Indirectly connected: Many platforms, including X and Facebook, source content that accounts the user has indicated an interest in have themselves engaged with [41, 75]. For example, instead of seeing content from a user they have followed, a Facebook user might see content their friends have commented on or liked.
Unconnected: Content that a user has not directly indicated an interest in, and that platforms have not inferred an interest in, is also used to some degree by all platforms we study. TikTok, for example, includes this kind of content as a way of increasing novelty and discovering new user interests [71].
These categorizations are already widely used by platforms in their transparency efforts when describing algorithmic feed construction for the general public [41, 74]. Connected content is a bit like a bicycle crank: inherently driven by the user and therefore limited in range by the user’s efforts. Indirectly connected content is still limited by the user, but it has more range—a bit like an e-bike with an electrically assisted crank. By contrast, a system that relies on unconnected content is more like a gasoline engine, because, while the ‘fuel’ for this engine is entirely external to the user, this lack of connection gives the system much more range and speed. Many of the safety concerns raised by critics relate to this unconnected content. This is because when algorithms have a higher mix of unconnected content, users see more content from outside their own social circle—content that they have never affirmatively signaled they wish to see that may have a higher likelihood of being unwanted or inappropriate for a wide range of reasons. Just like real vehicles, these motors that power algorithmic feeds can be (and often are) hybrid systems that use connected and unconnected inventory together.
3.2 Features for feed algorithms: fuel types
Feed algorithms are typically described as relying on either content-based features [54] or user network-based features (typically referred to in the academic literature as “collaborative filtering”) [17]. Significant research has focused on the impacts on spread of some of the user network-based features, in particular as vectors for “online social contagion” that can spread content quickly within a social group [16, 65]. Less research has been done on content-based features, but some work has focused on the political and factual dimensions of content and its authors, finding that more extreme partisan and less factual content received more user engagement [14].

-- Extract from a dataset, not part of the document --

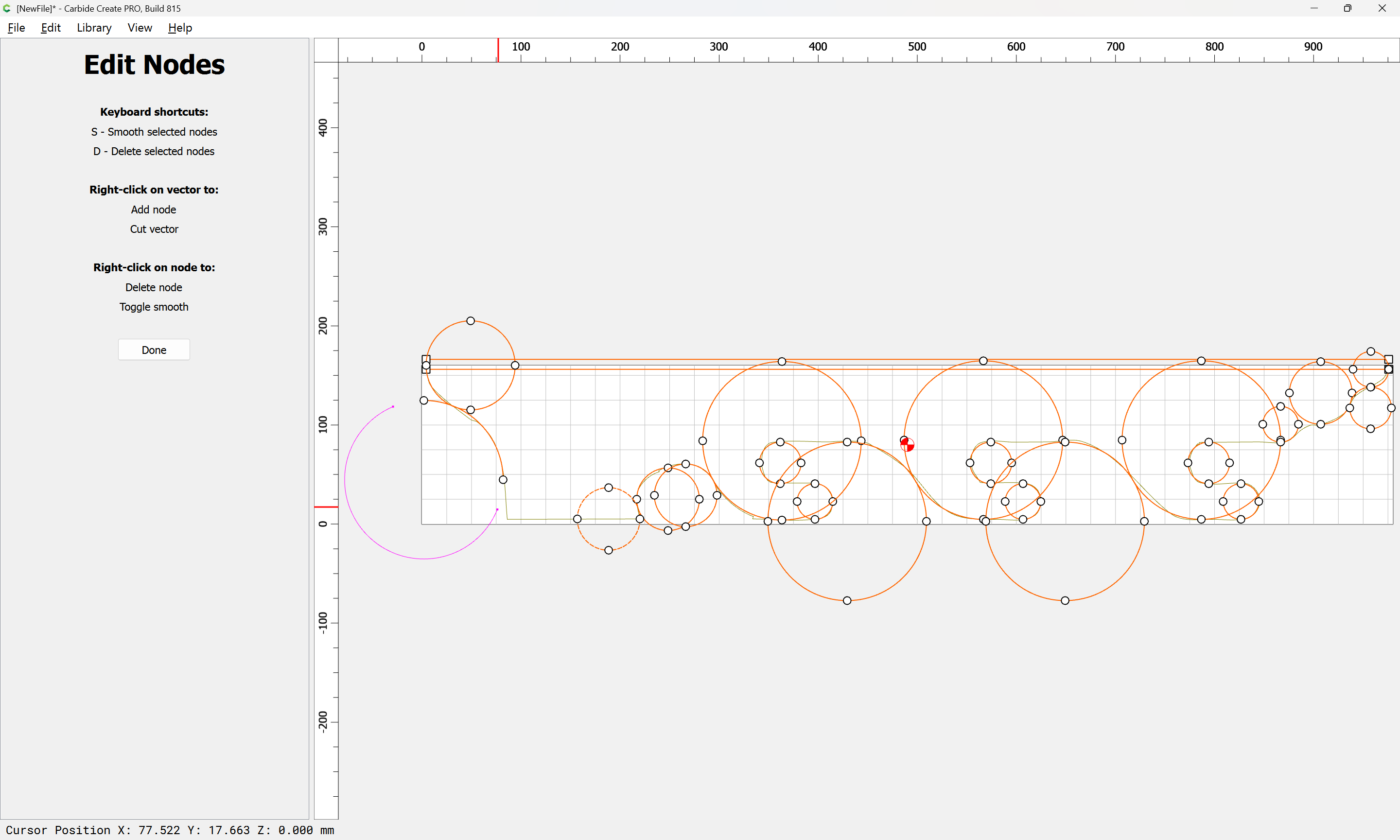 Trying to clean up a file. I was able to copy this file from a JPEG but is has issues after the fact, I was wondering if someone would be so kind as to point me to the command to help me smooth the final vector our or maybe point me to an instructional video using carbide create. Ill upload the file so that you can see what Im trying to accomplish. Its rater ragged after creating it.

Stefano Grassi/RIVA Illustrations
Building on this distinction, we develop two categories of features for feed algorithms: content-based features and user-based features. Content-based features can be the content itself (such as the text of a post) or metadata directly associated with the content, such as the length of the text. User-based features can contain information about one or more users, including the relationships between users. It is likely obvious that user-based features are inferred about the content consumer, but they are also used for the content creator. (Here, when we refer to content creator, we simply mean the user who created the content—not the increasingly more common job title of “content creator.”) Certain features simply don’t work with some kinds of systems. For example, TikTok has no sense of connected content because, while it lets users friend other users, it doesn’t use features related to that social graph as part of its For You algorithm.
User-based and content-based features aren’t mutually exclusive and are often used together. For example, a user’s inferred topic interests may be used in conjunction with a piece of content’s inferred topic. Unlike our classifications for inventory sources, this classification of features is not exhaustive; instead, our goal has been to create a representative list. We expect that new data sources will regularly be created and new types of data source features will be developed over time.

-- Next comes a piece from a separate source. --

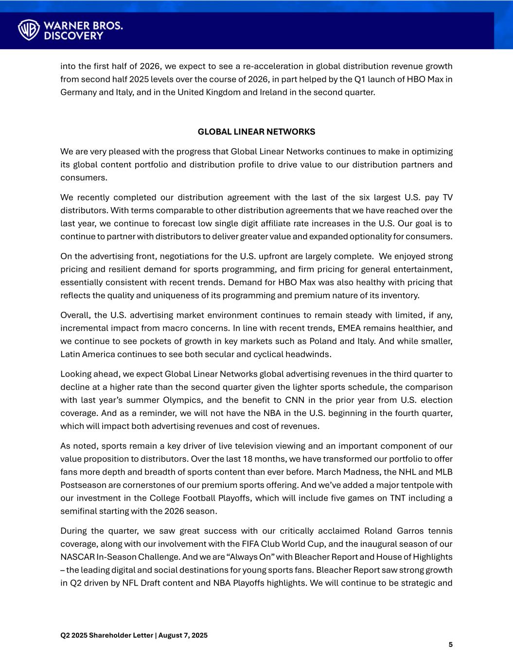 Q2 2025 Shareholder Letter | August 7, 2025 5 into the first half of 2026, we expect to see a re-acceleration in global distribution revenue growth from second half 2025 levels over the course of 2026, in part helped by the Q1 launch of HBO Max in Germany and Italy, and in the United Kingdom and Ireland in the second quarter. GLOBAL LINEAR NETWORKS We are very pleased with the progress that Global Linear Networks continues to make in optimizing its global content portfolio and distribution profile to drive value to our distribution partners and consumers. We recently completed our distribution agreement with the last of the six largest U.S. pay TV distributors. With terms comparable to other distribution agreements that we have reached over the last year, we continue to forecast low single digit affiliate rate increases in the U.S. Our goal is to continue to partner with distributors to deliver greater value and expanded optionality for consumers. On the advertising front, negotiations for the U.S. upfront are largely complete. We enjoyed strong pricing and resilient demand for sports programming, and firm pricing for general entertainment, essentially consistent with recent trends. Demand for HBO Max was also healthy with pricing that reflects the quality and uniqueness of its programming and premium nature of its inventory. Overall, the U.S. advertising market environment continues to remain steady with limited, if any, incremental impact from macro concerns. In line with recent trends, EMEA remains healthier, and we continue to see pockets of growth in key markets such as Poland and Italy. And while smaller, Latin America continues to see both secular and cyclical headwinds. Looking ahead, we expect Global Linear Networks global advertising revenues in the third quarter to decline at a higher rate than the second quarter given the lighter sports schedule, the comparison with last year’s summer Olympics, and the benefit to CNN in the prior year from U.S. election coverage. And as a reminder, we will not have the NBA in the U.S. beginning in the fourth quarter, which will impact both advertising revenues and cost of revenues. As noted, sports remain a key driver of live television viewing and an important component of our value proposition to distributors. Over the last 18 months, we have transformed our portfolio to offer fans more depth and breadth of sports content than ever before. March Madness, the NHL and MLB Postseason are cornerstones of our premium sports offering. And we’ve added a major tentpole with our investment in the College Football Playoffs, which will include five games on TNT including a semifinal starting with the 2026 season. During the quarter, we saw great success with our critically acclaimed Roland Garros tennis coverage, along with our involvement with the FIFA Club World Cup, and the inaugural season of our NASCAR In-Season Challenge. And we are “Always On” with Bleacher Report and House of Highlights – the leading digital and social destinations for young sports fans. Bleacher Report saw strong growth in Q2 driven by NFL Draft content and NBA Playoffs highlights. We will continue to be strategic and

Content-based feature examples
Content topics: Small machine learning models called content classifiers are frequently used to identify content topics [71]. These can also be inferred from hashtags, which are often included in the content text [13].
Content language: The language of the content is sometimes determined based on the content itself, but this is not always possible. This can also be inferred from the creator’s language, which may have been directly provided or inferred from previously created content [18, 56, 71].
Content named entities: Named entities can be people, companies, or well-known locations. These are sometimes topics but are often considered separately because they are just as often context that frames another topic as they are the topic itself [60].
User-based features
Social graph network: A user’s network is the collection of either one-way social ties, such as a fan following a celebrity or a local business’s account, or two-way social ties, such as two friends who follow each other [41, 56]. All these ties together form a social graph.
Social graph user behavior: The app creates a smaller social graph of ties to determine who a user interacts with the most. They are sometimes referred to as that user’s close friends and are tracked separately [60].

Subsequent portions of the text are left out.